But he pushed her away. “No, no! leave me, have nothing more to do with me; I have never been anything but a burden to you. When I think that you were making yourself a drudge, a slave, while I was attending college — oh! to what miserable use have I turned that education! And I was near bringing dishonor on our name; I shudder to think where I might be now, had you not beggared yourself to pay for my extravagance and folly.”

Her smile came back to her face, together with her serenity.

“Is that all? Your sleep don’t seem to have done you good, my poor friend. But since that is all gone and past, forget it! Are you not doing your duty now, like a good Frenchman? I am very proud of you, I assure you, now that you are a soldier.”

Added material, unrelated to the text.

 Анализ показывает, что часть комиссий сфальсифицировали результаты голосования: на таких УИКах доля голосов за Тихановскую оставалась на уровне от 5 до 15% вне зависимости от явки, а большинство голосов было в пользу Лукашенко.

She had turned toward Jean, as if to ask him to come to her assistance, and he looked at her with some surprise that she appeared to him less beautiful than yesterday; she was paler, thinner, now that the glamour was no longer in his drowsy eyes. The one striking point that remained unchanged was her resemblance to her brother, and yet the difference in their two natures was never more strongly marked than at that moment; he, weak and nervous as a woman, swayed by the impulse of the hour, displaying in his person all the fitful and emotional temperament of his nation, vibrating from one moment to another between the loftiest enthusiasm and the most abject despair; she, the patient, indomitable housewife, such an inconsiderable little creature in her resignation and self-effacement, meeting adversity with a brave face and eyes full of inexpugnable courage and resolution, fashioned from the stuff of which heroes are made.

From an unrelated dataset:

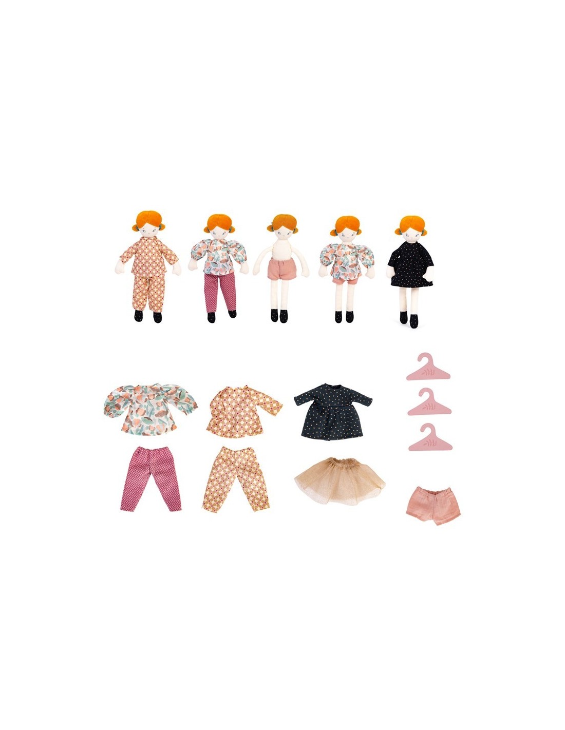 Este precioso maletín incluye una muñeca parisina Blanche (26 cm), un espejo, una barra de madera para colgar la ropa, 3 perchas ilustradas y 3 conjuntos de ropa. Es ideal para desarrollar la imaginación, el lenguaje y llevarlo cómodamente a todas partes y disfrutar de horas y horas de creación de historias y aventuras.

“Proud of me!” cried Maurice. “Ah! truly, you have great reason to be. For a month and more now we have been flying, like the cowards that we are!”

“What of it? we are not the only ones,” said Jean with his practical common sense; “we do what we are told to do.”

But the young man broke out more furiously than ever: “I have had enough of it, I tell you! Our imbecile leaders, our continual defeats, our brave soldiers led like sheep to the slaughter — is it not enough, seeing all these things, to make one weep tears of blood? We are here now in Sedan, caught in a trap from which there is no escape; you can see the Prussians closing in on us from every quarter, and certain destruction is staring us in the face; there is no hope, the end is come. No! I shall remain where I am; I may as well be shot as a deserter. Jean, do you go, and leave me here. No! I won’t go back there; I will stay here.”

He sank upon the pillow in a renewed outpour of tears. It was an utter breakdown of the nervous system, sweeping everything before it, one of those sudden lapses into hopelessness to which he was so subject, in which he despised himself and all the world. His sister, knowing as she did the best way of treating such crises, kept an unruffled face.

“That would not be a nice thing to do, dear Maurice — desert your post in the hour of danger.”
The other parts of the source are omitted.